Cell Mapping

In this notebook, the actual process of cell mapping will be demonstrated. Please make sure that you have preprocessed the data as per the Preprocessing notebook before running this notebook.

Again, move to the notebooks directory of where you extracted the zip file.

import nabo

The Mapping class is mainly responsible for cell mapping. We start by creating a mapping object, which in this case is also called mapping. We pass four parameters to Mapping class, in following strict order:

  • Name of the output file, in this case mapping.h5.
  • Name of the reference sample (WT here). This can be anything you like and doesn’t has to match anything used before in this analysis.
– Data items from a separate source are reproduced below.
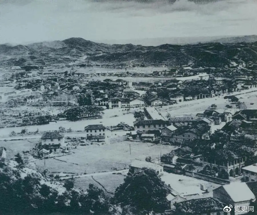 1928年4月,朱德率領南昌起義余部到達井岡山,與毛澤東領導的部隊勝利會師。圖為會師地點礱市全景。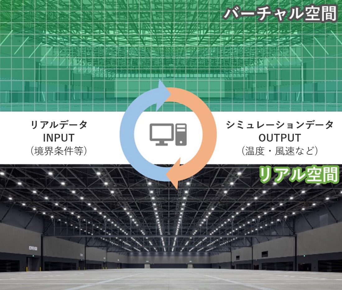 この問題を解決するために、コンピューター上にバーチャル空間を作成、実際に設置した温度センサーなどからの測定情報を取り込み、シュミレーションを実行することにより、大空間内に膨大な数のセンサーを取り付けたのと同様な空調制御を実現できる、日本初のデジタルツイン環境を創出しました。これにより、センサーを数多く設置することができない大空間でも、細かい部分まで配慮した空調の制御を可能としました。
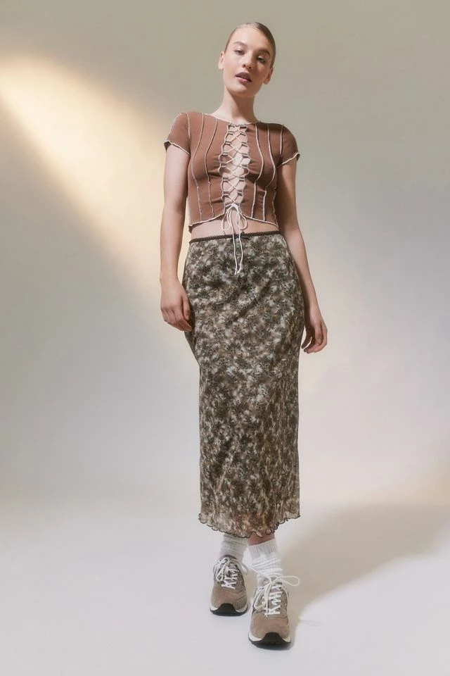 Upcycled remnants midi skirt by Urban Renewal. Features an allover print and a classic ‘00s style. Cut in a midi length with a high-rise waist. Created from deadstock or discarded fabrics that would have gone unused, this brand-new skirt was made in the USA by Urban Renewal.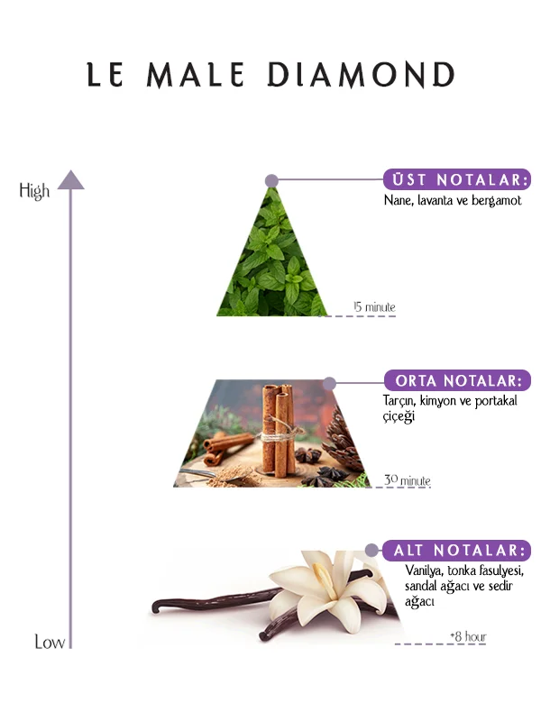 Lüks, cesur ve zamansız bir aromatik-baharatlı-çiçeksi-odunsu imza arayanlar için tasarlanmıştır. Lavanta, tarçın ve vanilyanın dengesi mükemmel bir iz bırakır. Hem güç hem de zarafet sunarak farklı kişiliklere uyum sağlar. Le Male Diamond Perfume 55 ML seçmek, rafine ve sofistike bir kokuyu benimsemek demektir.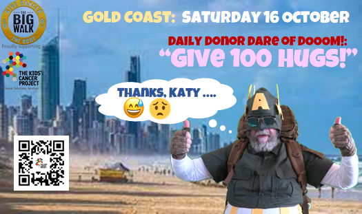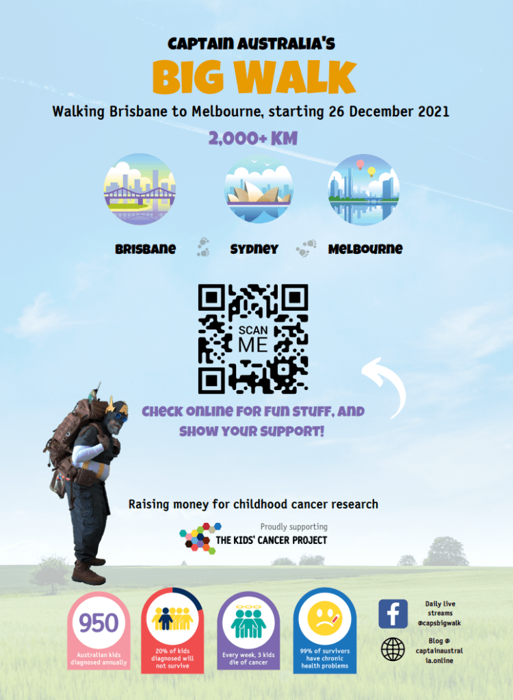 It’s been suggested I need to figure out cryptocurrency and receive donations in that format – but I just can’t wrap my head around that, or how I’d manage the process of collection, conversion and passing to The Kids’ Cancer Project (they don’t touch it). When I started out, I figured it could all be online and I wouldn’t have to worry about anything but the walking.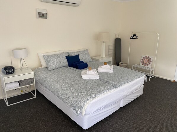 Fabulous location in centre of main Street. Comfy king size bed. Modern bathroom. Small fridge was either too hot, or it froze all our food…..a new fridge needed. Other than that, a lovely unit to stay at.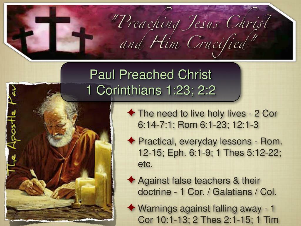 Paul Preached Christ 1 Corinthians 1:23; 2:2 • The need to live holy lives - 2 Cor 6:14-7:1; Rom 6:1-23; 12:1-3 • Practical, everyday lessons - Rom. 12-15; Eph. 6:1-9; 1 Thes 5:12-22; etc. • Against false teachers & their doctrine - 1 Cor. / Galatians / Col. • Warnings against falling away - 1 Cor 10:1-13; 2 Thes 2:1-15; 1 Tim 4:1-5; 2 Tim 3:1-9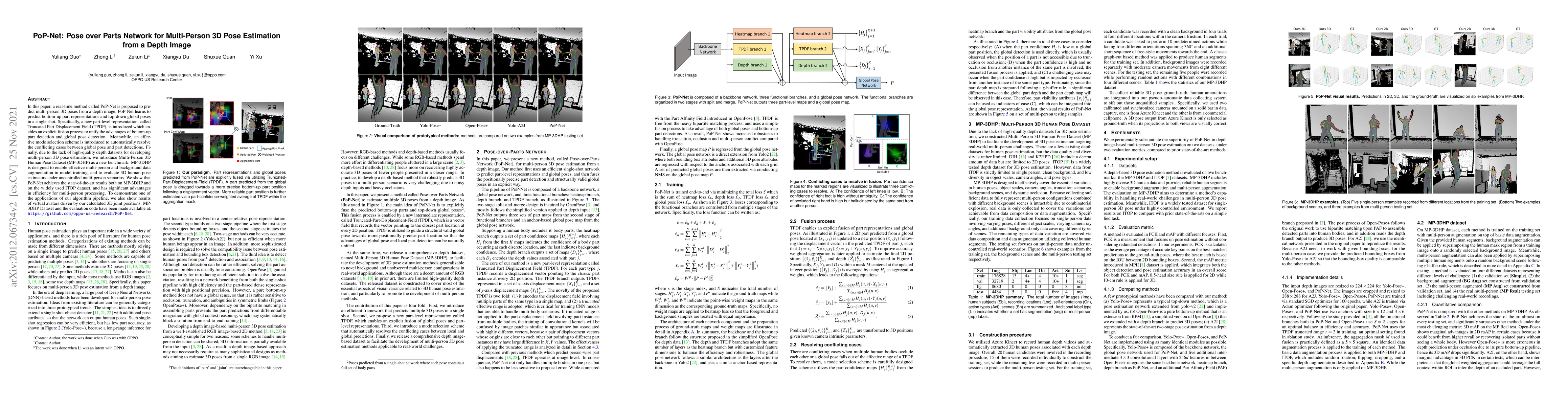 PoP-Net is a real-time method for predicting multi-person 3D poses from depth images by fusing part-level and global pose representations. It introduces the Truncated Part Displacement Field and a mode selection scheme for conflict resolution, achieving state-of-the-art results on MP-3DHP and ITOP datasets.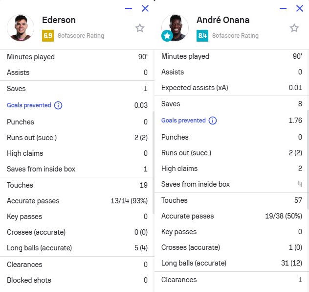 本場(chǎng)比賽,埃德森1次撲救(1次撲救禁區(qū)內(nèi)的射門(mén))、2次成功出擊,19次觸球,5次長(zhǎng)傳4次成功,獲評(píng)6.9分。奧納納8次撲救(4次撲救禁區(qū)內(nèi)的射門(mén))、2次成功出擊、2次高球攔截,57次觸球,31次長(zhǎng)傳12次成功,1次解圍,獲評(píng)8.4分全場(chǎng)最高。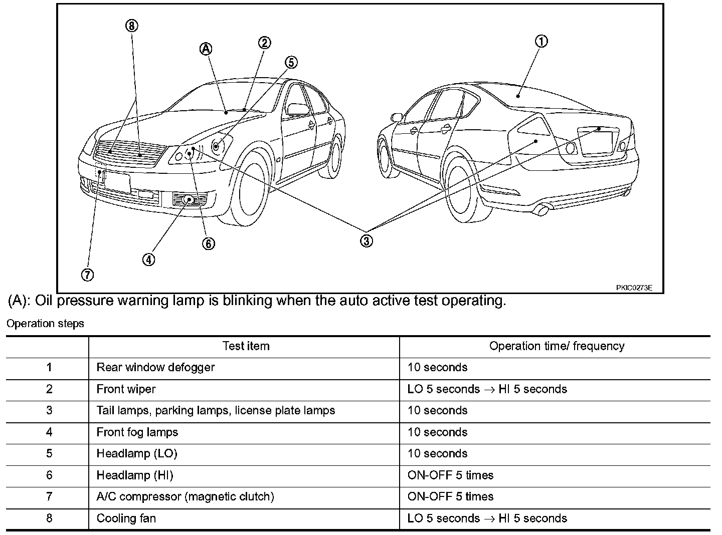 5. When auto active test mode is actuated, horn chirps once. Oil pressure warning lamp starts blinking.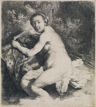 - B ETHSABÉE AU BAIN . 493 x 493. Eau-forte et pointe sèche. Epreuve sur vélin chamois, nombreuses cassures, deux trous de pointe dans les angles supérieurs.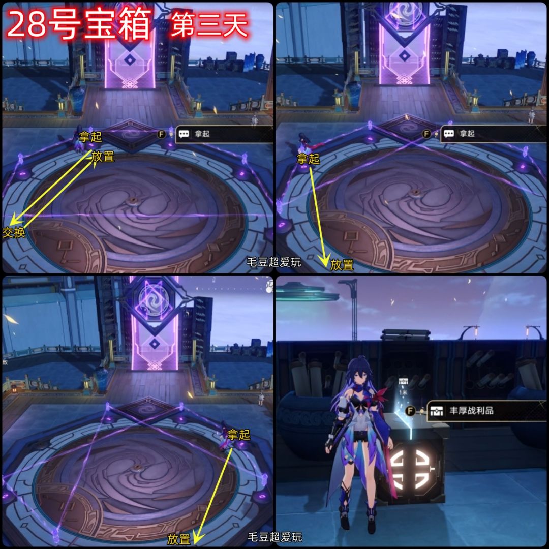28-29号宝箱(阵基系列第三天):这是第三天的解谜,还是和之前一样,第一个宝箱需要解开一个谜题,第二个宝箱需要解开两个图案的谜题,这样就能拿到两个宝箱啦!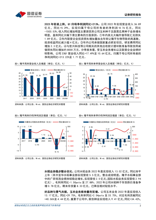 2022年报及2023一季报点评:23Q1归母净利润同比+213%,玉米种子业务成长可期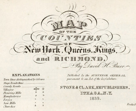 1839 Map of the Counties of New York Queens Kings and Richmond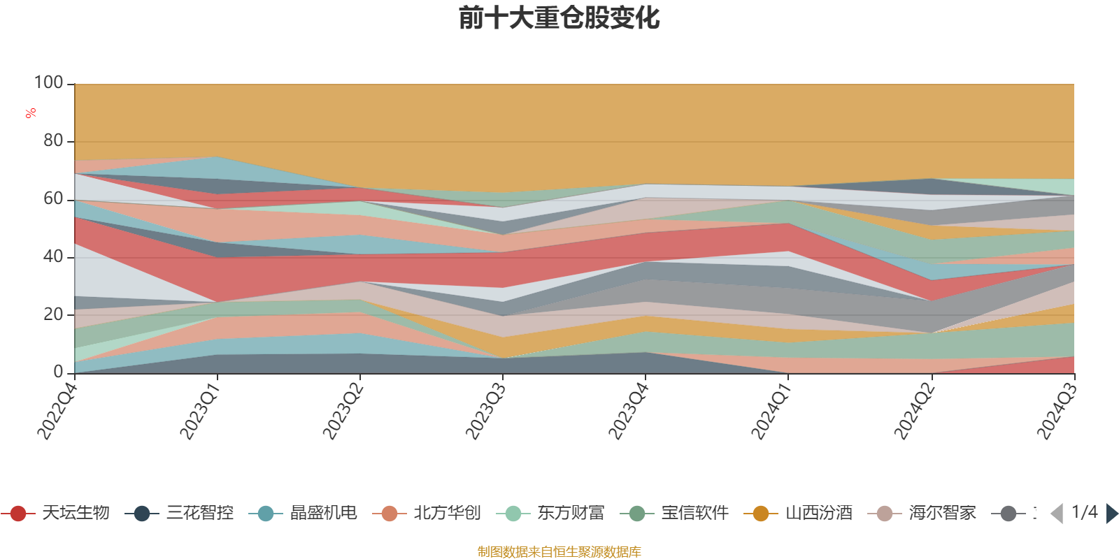 该基金持股集中度较高,近2年前十大重仓股集中度长期超过60%。截至2024年三季度末,基金十大重仓股分别是宝信软件、海尔智家、顺络电子、山西汾酒、立讯精密、山东药玻、安琪酵母、天坛生物、迈瑞医疗、同仁堂。

Please make sure that this name is only composed of alphabetic characters.
  • Name of the input HDF5 file which contains PCA-reduced data for the reference sample (hvg_pca_WT.h5).
  • Group name in the HDF5 file above which contains the data (data).
mapping = nabo.Mapping('../analysis_data/mapping.h5', 'WT',
                       '../analysis_data/hvg_pca_WT.h5', 'data')

Next, we call the set_parameters method to define four parameters in following order:

  • Number of PC components to use (15).
  • Number of nearest neighbours to be considered (11).
  • Distance fraction (0.25). The ratio of distance to value of target dimension should be smaller than this number. Larger values might lead to a tip effect.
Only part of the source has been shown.